DIRECTOR ORIENTATION AND CONTINUING EDUCATION
The Nominating and Governance Committee is responsible for monitoring the orientation and education needs of the Directors as well as for making recommendations about orientation and education to the Board, individual directors and management where appropriate. Directors are expected to annually attend a director training program that is approved or endorsed by a nationally recognized firm. Such annual training shall be in a subject matter related to corporate governance or another subject specifically related to service on our Board. The Corporate Secretary shall be responsible for coordinating an orientation for new directors, and for periodically providing materials or briefing sessions for all directors on subjects that would assist them in discharging their duties. Each new director shall, within six months of election to the Board, spend a day at corporate headquarters for personal briefing by senior management on SCANA’s strategic plan, its financial statements, and its key policies and practices.

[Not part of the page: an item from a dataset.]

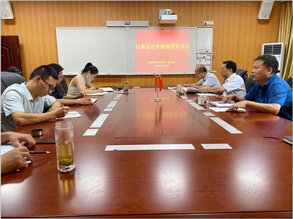 8月25日,beat365中文官方网站教工党支部在教七楼301会议室召开“以案促改”专题组织生活会。支部全体党员参加会议。

SCANA POLICIES ON BUSINESS ETHICS AND CONDUCT
- All SCANA employees, including the Chairman and CEO, the Chief Financial Officer, the Principal Accounting Officer and Directors, are required to abide by SCANA’s longstanding Code of Conduct to ensure that SCANA’s business is conducted in a consistently legal and ethical manner. These standards form the foundation of a comprehensive process that includes compliance with corporate policies and procedures, an open relationship among colleagues that contributes to good business conduct, and an abiding belief in the integrity of SCANA’s employees. SCANA’s policies and procedures cover all areas of professional conduct, including employment policies, conflicts of interest, intellectual property and the protection of confidential information, and require adherence to laws and regulations applicable to the conduct of SCANA’s businesses.
- Employees are required to report any conduct that they believe in good faith to be an actual or apparent violation of SCANA’s Code of Conduct.
These governance principles are reviewed periodically by the Board.
The Board shall annually elect the Company’s Lead Director. The Lead Director presides at all Board meetings at which the Chairman is not present, including executive sessions of the independent directors held at each regularly scheduled Board meeting, and is also authorized to call meetings of the Independent Directors when necessary or appropriate. The Lead Director will maintain an active, ongoing, positive and collaborative relationship with the Chairman and the CEO and keep an open line of communication providing for the dissemination of information to the Board. The Lead Director also collaborates with the Chairman regarding schedules and agendas for the board meetings and provides feedback from the Board to the Chairman following each executive session of the Independent Directors.
COMMUNICATIONS WITH DIRECTORS
You may communicate with the Chairs of the Audit, Compensation and Nominating and Governance committees by sending an e-mail to email@example.com, firstname.lastname@example.org, or email@example.com or with the independent Directors as a group by sending an e-mail to firstname.lastname@example.org.
SCANA will not make any personal loans or extensions of credit to Directors or executive officers. Amounts owed for the provision of utility services by the Company or its subsidiaries and billed to the Director or officer and paid in the ordinary course of business shall not be deemed to be a loan.
BOARD INTERACTION WITH INSTITUTIONAL INVESTORS, THE MEDIA AND CUSTOMERS
The Board believes that communications and relationships on behalf of SCANA with institutional investors, the media and customers should be conducted primarily by members of management. However, Directors may participate occasionally in such interaction at the request and with the knowledge of the CEO.